– Еще одна гипотеза! Неплохо! – Костюмерша закончила пришивать стилизованный серебристый серп и молот к одному краю занавеса и, удивительно легко подхватив стремянку, отправилась к другому концу сцены. – Предположение довольно интересно… – рассуждала она при этом. – А еще можно вспомнить, что 12 ноября проходили выборы в Учредительное собрание – чем не памятная дата, а? Сидит себе вредитель в горсовете и переименовывает улицы в честь контрреволюционных сил. А? Или еще Дни милиции можно вспомнить. Сам праздник-то 10-го числа, но празднуют с размахом, до 12 ноября точно не просыхают.
– Хватит ерничать! – обиделся рабочий. – Скажи уж прямо, почему так переименовали? И кстати, какое было прошлое название?
– Ох, молодо-зелено! Мне сложно даже представить, что есть харьковчане, не знающие название Бурсацкий спуск. В честь бурсаков – учащихся бурсы, в здании которой находится сейчас Институт политобразования. Что же касается нового названия, то точно я не знаю, но придерживаюсь теории, что спуск переименован в честь давней забастовки паровозостроительного завода. – Она вновь перешла на интонации экскурсовода. На этот раз восторженного и разгоряченного. – Событие громкое и значимое. 12 ноября 1912 года рабочие паровозостроительного завода объявили грандиознейшую забастовку, которая длилась много месяцев и, чуть ли не первая из всех наших забастовок, закончилась победой рабочих. Все началось с того, что наши рабочие присоединились к всероссийской акции протеста против жестокой расправы над большевиками броненосца «Иоанн Златоуст», – не прекращая лекции, костюмерша переставила стремянку и набросилась на новый кусок занавеса. – Губернатор Харькова психанул и арестовал предводителей акции. Тогда-то рабочие и отказались выходить на работу. И грозного «ах так, ну значит вы уволены!» не испугались, потому что весь мировой пролетариат, оповещаемый о происходящем подпольной газетой «Правда», почти два месяца передавал бастующим средства. В итоге арестованных отпустили, а хозяева завода согласились не чинить никаких репрессий против бастовавших и восстановили всех на работе. Это была звонкая пощечина капитализму и отличная победа!
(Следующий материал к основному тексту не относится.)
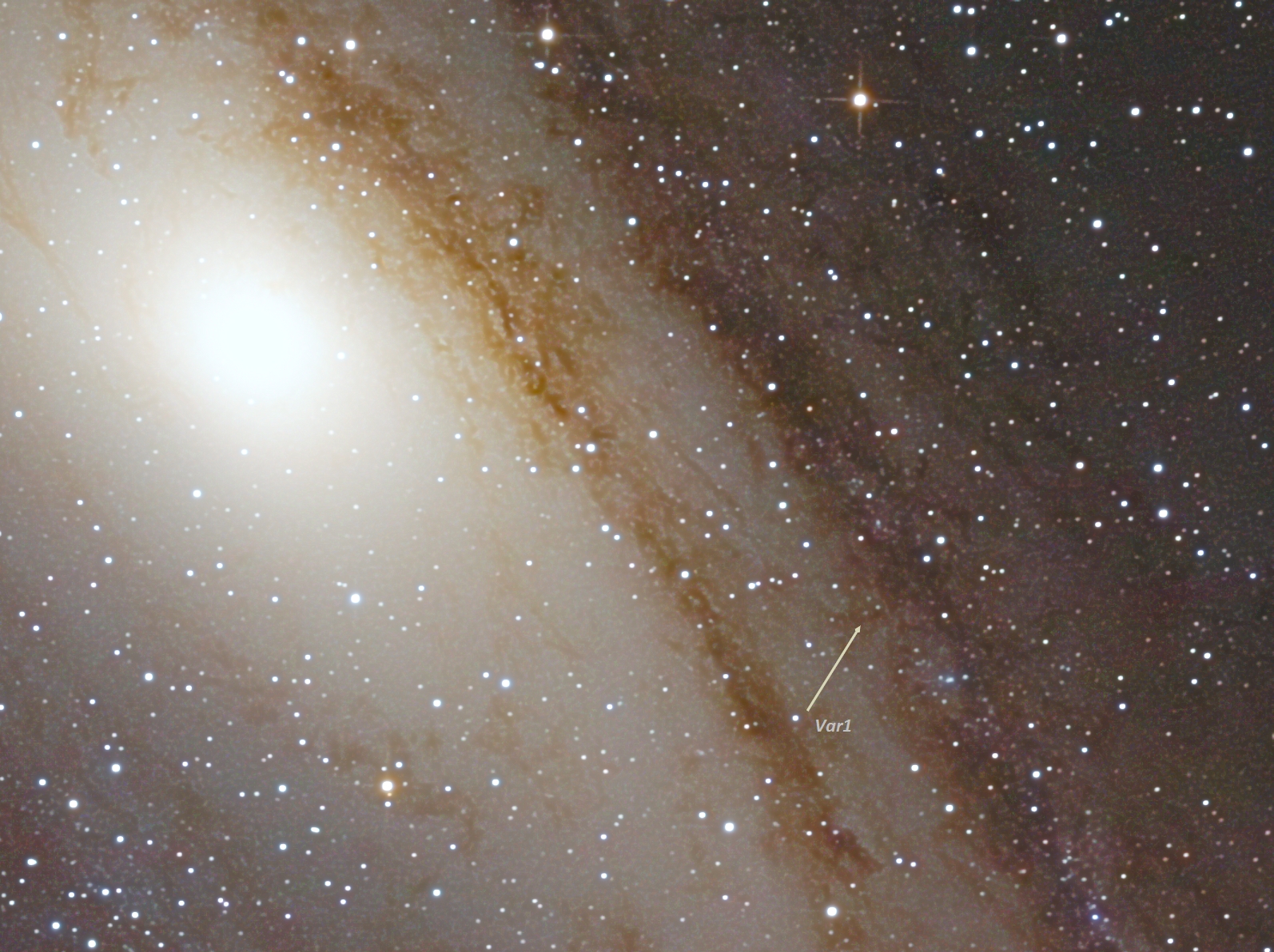 Hier ist eine Ausschnittsvergrößerung, kontrastverstärkt, des First-Light-Bildes mit Hubbles Var. No. 1.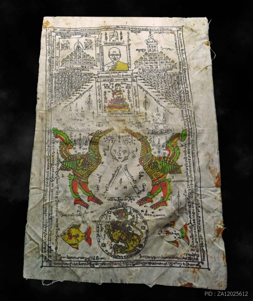 ผ้ายันต์หงส์คู่ รุ่นแรก หลวงพ่อมุ่ย วัดดอนไร่ ปี2512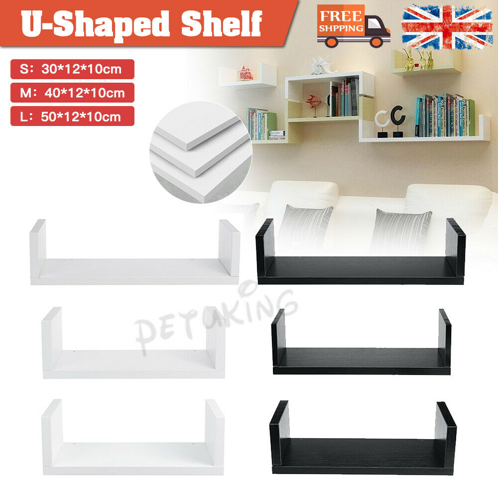 Set of 3 Large U Shape Floating Wall Shelves Storage Display Shelf Home Decor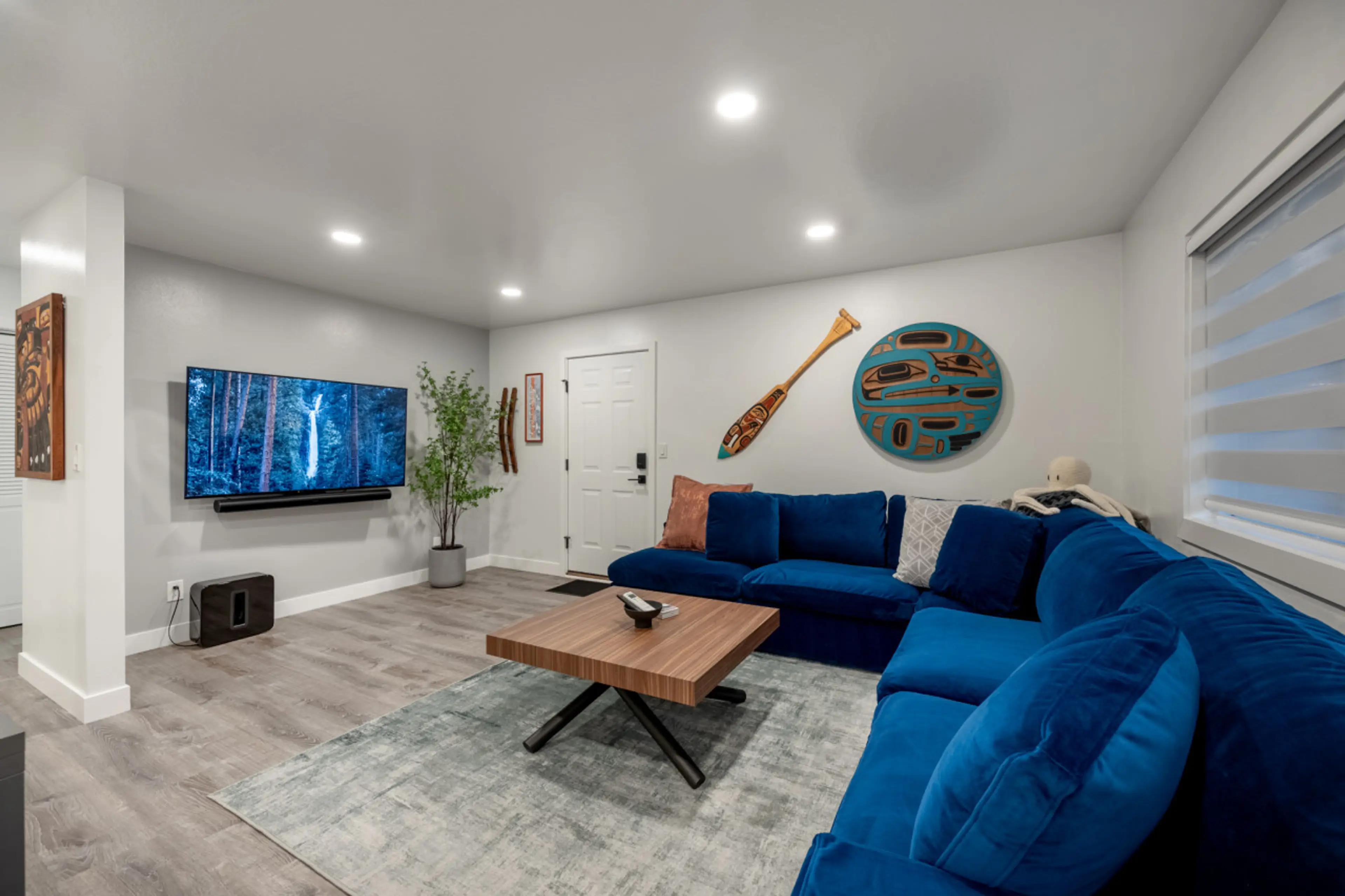 This apartment is stunning! Beautifully appointed and the space is so well thought out and well done that it maximizes every inch to be both simple and elegant. It was decorated with local artist prints and formline art. The sectional sofa has plenty of room for a family and the Murphy bed would delight kids. The main bedroom had luxurious linens and was so comfortable. A full sized washer and dryer made it easy to go home with a suitcase of clean clothes. After a long day, a soak in the deep tub was amazing. 12 of 10 would stay again!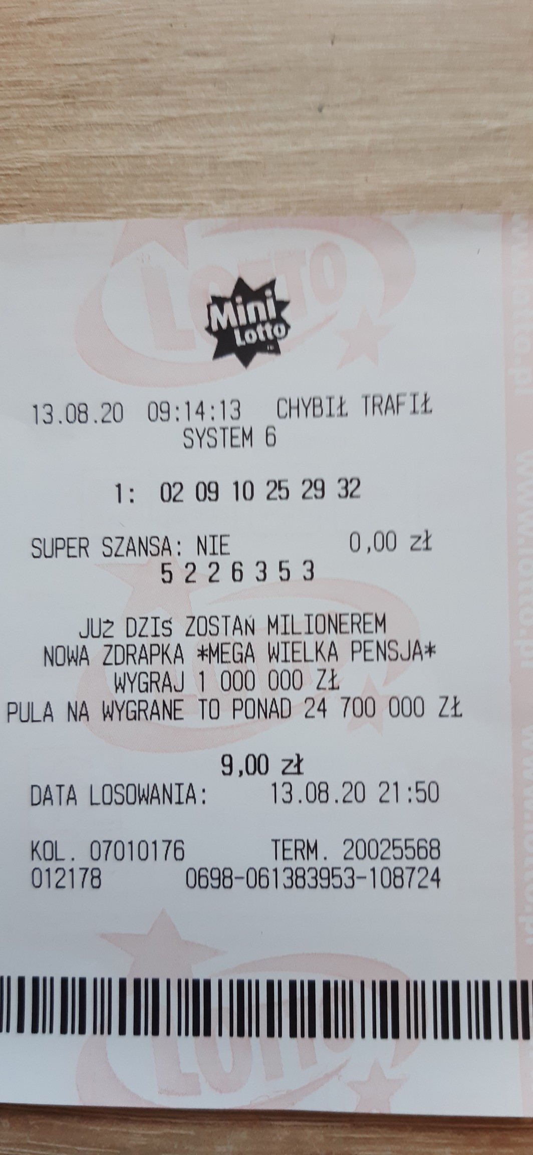 Udało się trafić trójkę w systemie S6 , z obokiem do 4 :x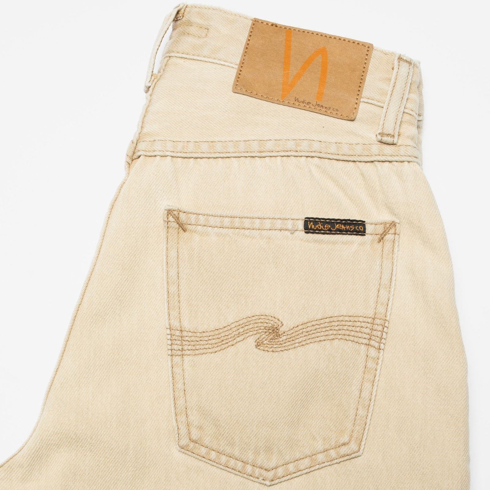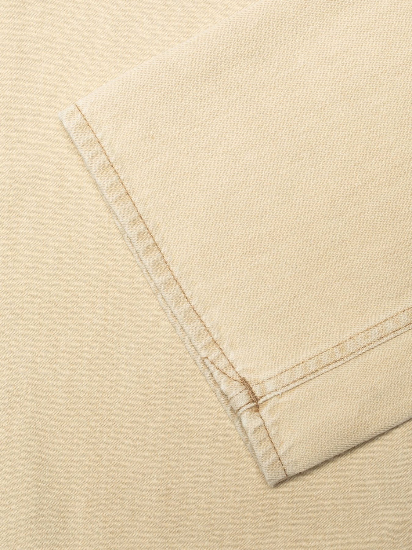 The denim is crafted from coarse yarns at a medium density, offering a dry yet comfortable hand with rich texture and just enough flow to feel easy without being soft.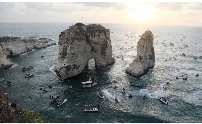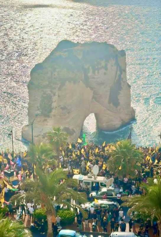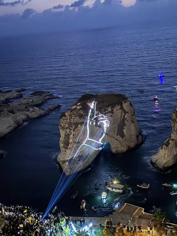 من جهة المنارة وقريطم والرملة البيضاء، وعلى مدى ساعات، لم تتوقّف المسيرات التي أدّت إلى إغلاق المنطقة ومحيطها، فيما تمركزَ الجموع في نقاط عديدة على الأرض وشرفات المنازل المطلّة على صخرة الروشة وفي المقاهي الموجودة في المكان، حاملين أعلام حزب الله وأعلام أحزاب حليفة للمقاومة، من بينها أعلام حركة أمل والحزب السوري القومي الاجتماعي. كما سُجّل انتشار كبير للقوى الأمنية.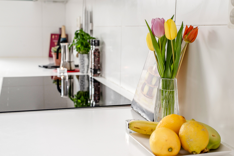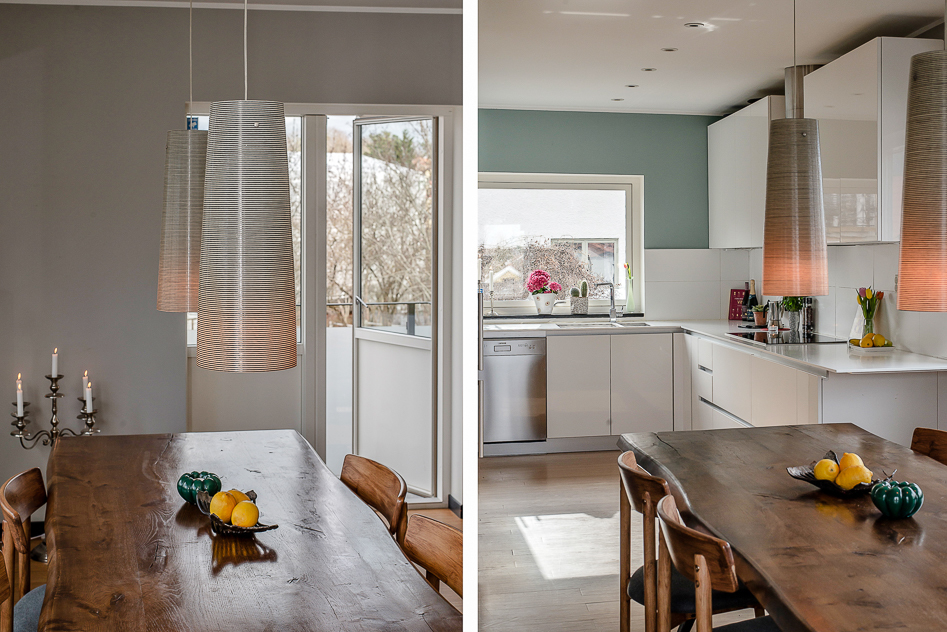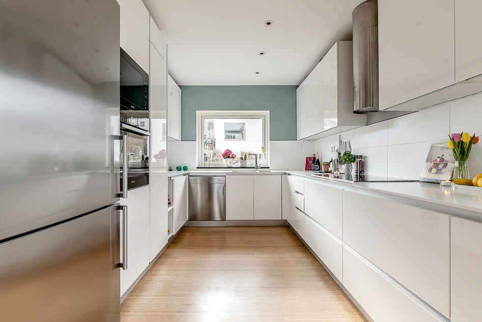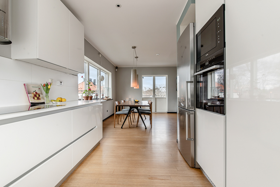Köket är ett designat kök från Meson och har generösa arbetsytor med släta vita luckor och arbetsbänkarna är i vit Corian med infällda diskhoar. Kaklet ovanför arbetsbänkarna är stora vita kakelplattor. Köket är utrustat med induktionshäll (5 plattor) med designad fläkt ovanför, inbyggd varmluftsugn, inbyggd mikrovågsugn, kyl/frys samt diskmaskin, allt i rostfritt.
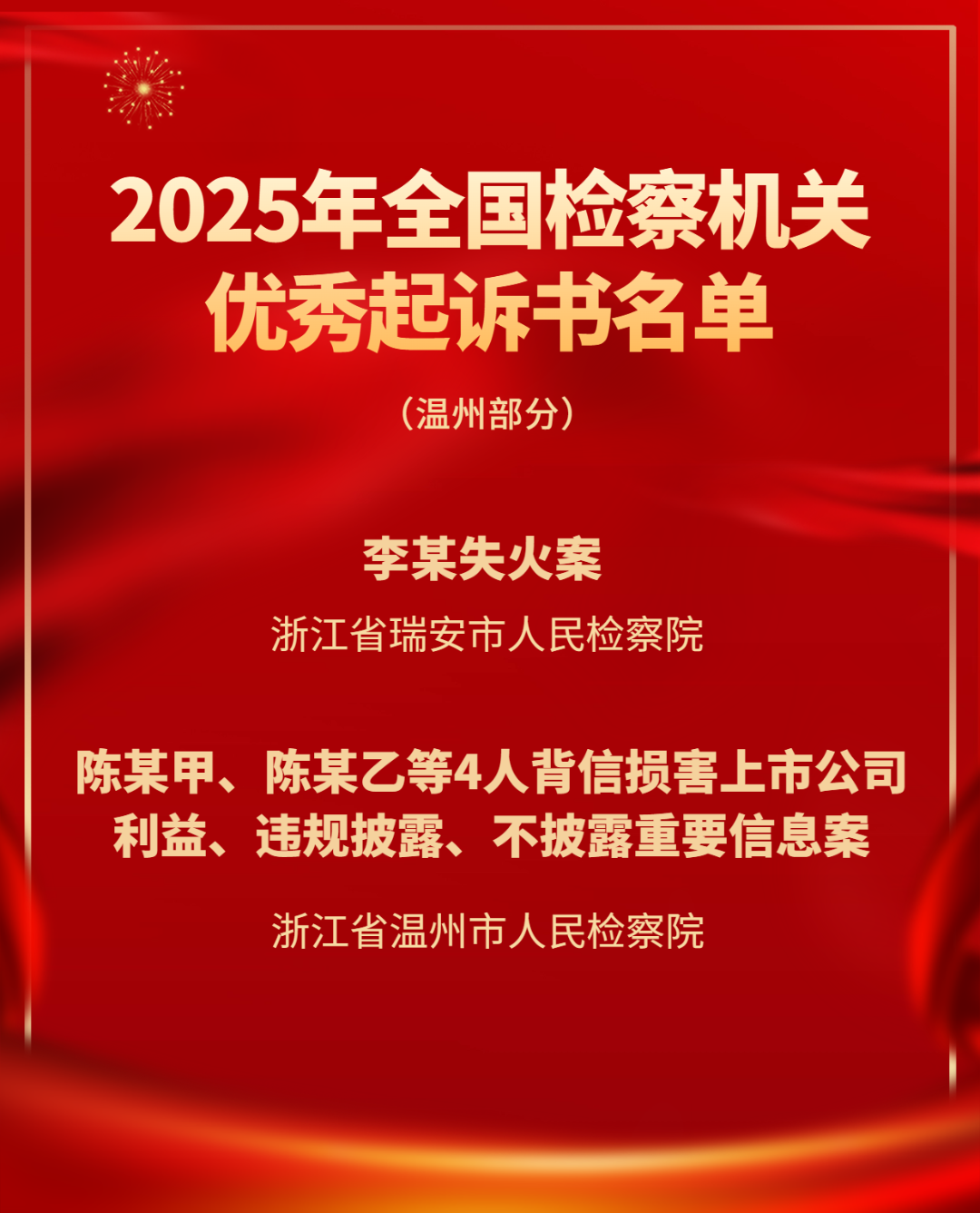 2025年5月,由最高人民检察院职务犯罪检察厅牵头,普通犯罪检察厅、重大犯罪检察厅、经济犯罪检察厅、未成年人检察厅共同参与,部署举办了全国检察机关优秀起诉书评选活动。经过初评、复评、审定三个主要环节,评选出100篇优秀起诉书和20篇优秀起诉书提名。其中,瑞安市检察院办理的“李某失火案”和温州市检察院办理的“陈某甲、陈某乙等4人背信损害上市公司利益、违规披露、不披露重要信息案”起诉书获评全国检察机关优秀起诉书。

– Приветствую, Нино́! – В этот момент на сцене появились сразу две звезды – солистка оперы и прима-балерина. Похожая на неспешный мощный ледокол богатырша и юркая гибкая малюсенькая лань. Контрастируя друг с другом, они казались еще ярче и еще значительнее. Говорила та, что покрупней. – Душа моя, у вас так интересно! Смотрю, не зря вы ведете эту свою секцию краеведов-любителей. Найди я время, обязательно записалась бы к вам в кружок.
– Кружок! – нервно хохотнула костюмерша. – Из ваших уст, Мария Ивановна, конечно, любое слово – золото. Но не настолько! Если бы уважаемый господин Розенфельд услышал, он, наверно, вас убил бы! – Она провела большим пальцем поперек горла и устрашающе нахмурилась. – Изначально это были изысканные чайные встречи любителей Харькова. Господин Розенфельд – ну, тот самый, совладелец кучи знаменитых доходных домов города, – коллекционировал истории, факты, легенды и все, что связано с Харьковом. И его отец коллекционировал. И его дядя. У них, у Розенфельдов, это фамильное, – рассказчица поняла, что слишком отвлеклась, и исправилась: – Так вот, он проводил интереснейшие открытые беседы о городе. Встречи эти закончились в начале войны, потому что Розенфельды уехали в Москву. В смутные времена, как вы понимаете, было не до краеведческих историй. Потом жизнь наладилась, я заскучала и попыталась найти кого-то из старых приятелей, интересующихся городом, и… поняла, что нужно начинать все заново. Подала заявку профсоюзу, они идею чайных встреч категорически отвергли, но разрешили открыть секцию при театре. И вот теперь я много лет уже как руководитель «кружка». Но слово это не приемлю.